-
Architects: ARTS Group
- Area: 950 m²
- Year: 2016
-
Photographs:Wei Qin
Text description provided by the architects. The City Wall Museum is designed and built on the remains of the ancient city wall which locates on the east side of ancient city’s south gate (QuiGuang Gate). The ancient city wall was the remnant of Ming Dynasty and was buried for more than 600 years. Ancient Xuzhou, back to the dynasty of YU, has over 2600 years of city-construction history.
The city is warrior fortress with thousands of years of prosperity. In the year of TianQi in Ming Dynasty, the Yellow River was rerouted, floods frequently occurred, and the ancient city was repeatedly submerged. The new city was rebuilt on the site above the old city, which made relics of ancient Xuzhou as “City under City, Building under Building, Street under Street, and Well and Well.”
The City Wall expresses traditional architecture in modern context, to metaphor time staggering and linking. The museum is launched on the ground level and the underground level at two elevations. The ground floor is the entrance hall and the preface hall.The forms, masses and proportions of the building follow the shape of the ancient city architecture, in response to traditional buildings and streets in the site of Huilongwo history district.The underground floor is the exhibition space of city wall context.
Partition walls are arranged in a staggered manner to construct spatial levels and fluctuations:The space is narrow-long, or bright, or continuous, or pauses and the state of rhythm is clearly displayed due to the sliced scene of historical time. The exhibition hall is finally ended in an outdoor garden, where the ancient city wall can be seen in the north.As exhibits and space construction at the same time, the city wall redefines the temperament of the exhibition hall as simplicity, vicissitudes, and truth.
A bridge is cantilevered on the east side over the garden and leads a landscape view to the west. On the ground of the garden, dropped stone steps in multiple folding lines is used to bridge the course of Yellow River, connecting to the waterfalls on the east side of the bridge, which flows along the outer side of the ancient city wall, in order to metaphor the moat flows. Between the inches, it has become a majestic trend.
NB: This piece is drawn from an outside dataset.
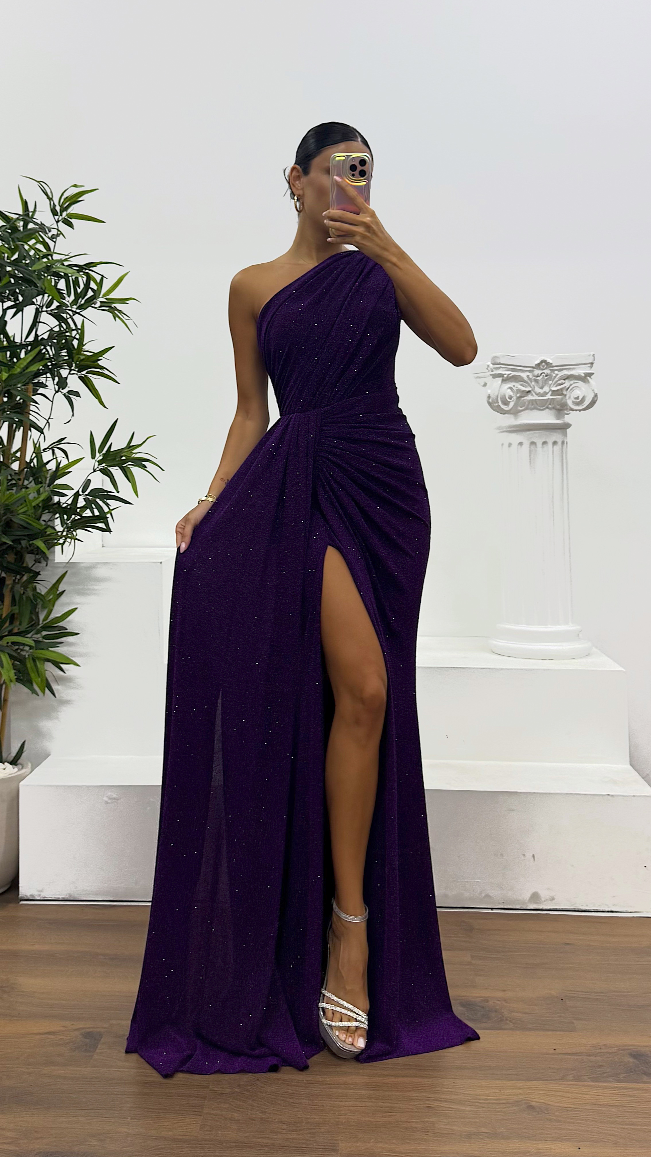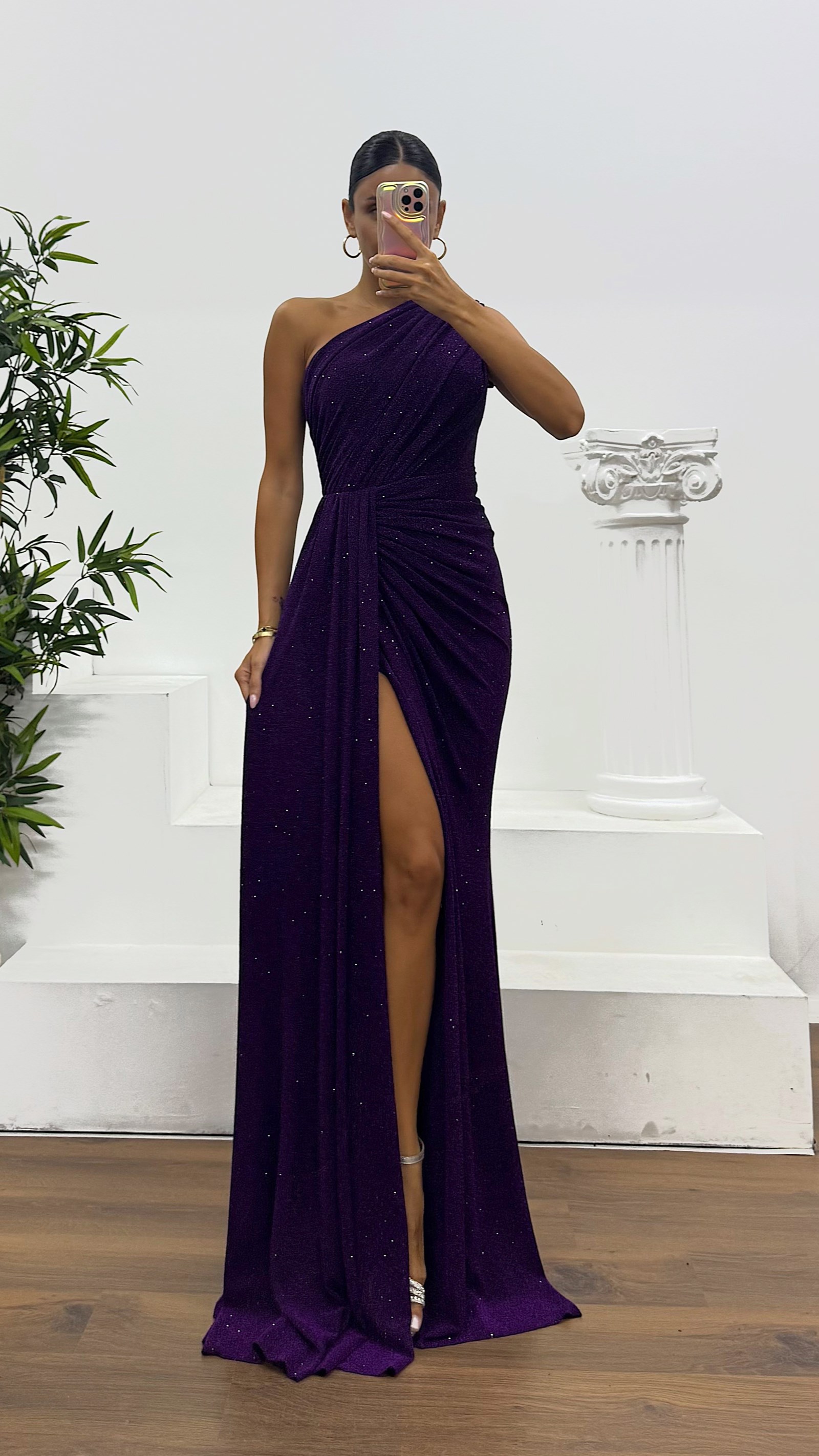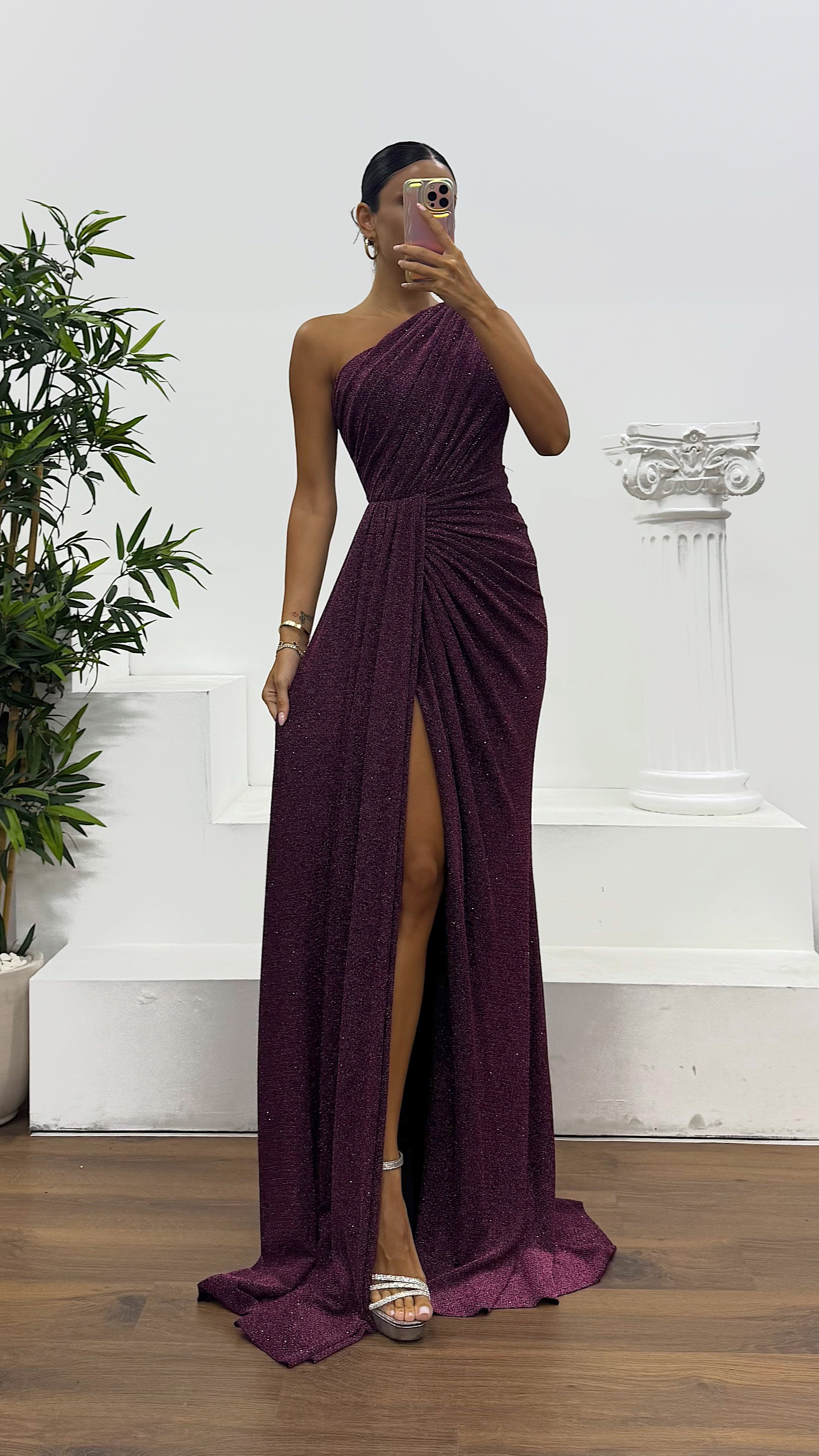 • Mürdüm Tek Omuz Simli Abiye Elbise

The museum is constructed with fair-faced concrete and U-shaped glass. The design intents to fit traditional residential imaging: The fair-faced concrete corresponds to the clean water bricks of traditional houses. Facade U-shaped glass splicing corresponds to the traditional wooden splicing of residential houses.
U-shaped glass in the roof is in line with the arrangement of roof tiles in traditional houses. Fair-faced concrete’s unique luster and texture renders the deep architectural qualities of the entire building. U-shaped glass reconstructs the light environment of the building space due to its multiple diffuse reflections and moist jade like character. In the garden, on the approach bridge, the fair-faced concrete is contrasted with the ancient city wall and the traditional residential clear-water brick wall. With three items in one picture, the balance of time and the tension they present are far-reaching.
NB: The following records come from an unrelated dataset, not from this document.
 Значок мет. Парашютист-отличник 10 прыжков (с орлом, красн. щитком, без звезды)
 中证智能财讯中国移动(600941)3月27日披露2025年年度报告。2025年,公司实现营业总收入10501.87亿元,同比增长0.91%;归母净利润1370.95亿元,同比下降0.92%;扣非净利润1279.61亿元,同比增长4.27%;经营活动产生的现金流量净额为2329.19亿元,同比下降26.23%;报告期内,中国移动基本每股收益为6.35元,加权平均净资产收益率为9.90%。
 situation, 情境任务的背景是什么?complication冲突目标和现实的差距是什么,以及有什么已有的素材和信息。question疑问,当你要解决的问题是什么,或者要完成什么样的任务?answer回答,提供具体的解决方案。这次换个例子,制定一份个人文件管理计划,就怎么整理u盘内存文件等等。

The City Wall Museum is based on the lost context and considers the relevance and order of space and time. Non-continuous times are linked among successive spatial experiences. The continuation of urban context is a re-expression of the region’s time, and it is also a reinterpretation of time in the place. The City Wall Museum rethinks the continuation of urban contexts with tiny space and tiny building as catalysts, to guard contexts, and to protect the city and architecture.